Climate plans that depend on forests to offset emissions may be counting on more carbon storage than trees can reliably deliver. A new study of oak forests found that carbon uptake and wood growth often decoupled, meaning trees kept absorbing carbon after their seasonal growth had already stopped.

The research, published in Science Advances, examined oak trees at 137 sites across the eastern United States and California using satellite imagery, hour-by-hour canopy carbon dioxide measurements, trunk sensors that tracked minute-by-minute changes in tree size, and tree-ring records dating back to 1950. In the eastern United States, oak growth generally ran from May through July, but photosynthesis continued into October, and about 36% of annual carbon absorbed through photosynthesis happened after growth had ended.
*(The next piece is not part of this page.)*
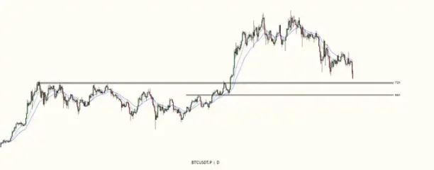I have been holding a bearish outlook recently. Two days ago, I mentioned that the 72K-66K level is approaching, and I will observe the rebound situation at that time to decide whether to enter a long position.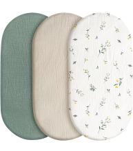 3er-Pack Bettlaken Spannbettlaken,Matratzenschoner für Laufgitter,100% Musselin-Baumwolle,Weiche und Premium-Qualität universelle Spannbettlaken für Kinderwagen. Geschenk zur Geburt(Florid)

In California, oak growth typically lasted from December through April and then ended by August, even as photosynthesis continued, with about 26% of annual carbon uptake occurring after growth ceased.

Lead author Mukund Palat Rao, an ecoclimatologist at Lamont-Doherty Earth Observatory at Columbia Climate School, said: “Right now, most models assume that if you have photosynthesis, you have growth. We find that’s not the case.”

That gap matters because the long-term climate value of forests depends on carbon being converted into new wood, where it can stay stored for decades, centuries or longer. The study found that some of the carbon trees absorbed likely went into leaves, fruits, short-lived metabolic activity or compounds released into the soil instead of durable wood. The result is a warning for policymakers and carbon-accounting systems that treat forest preservation and tree growth as a straightforward ledger of climate progress.

The findings also sharpen a broader concern already raised by other research: warming can shorten the time carbon remains locked away in trees. A University of Cambridge study found that faster growth in warmer conditions can be offset by earlier death, reducing carbon residence time. Together, the two lines of evidence suggest a harder truth for climate planning: even where forests keep drawing carbon from the air, heat and aridity may prevent that carbon from accumulating in wood for as long as many models assume.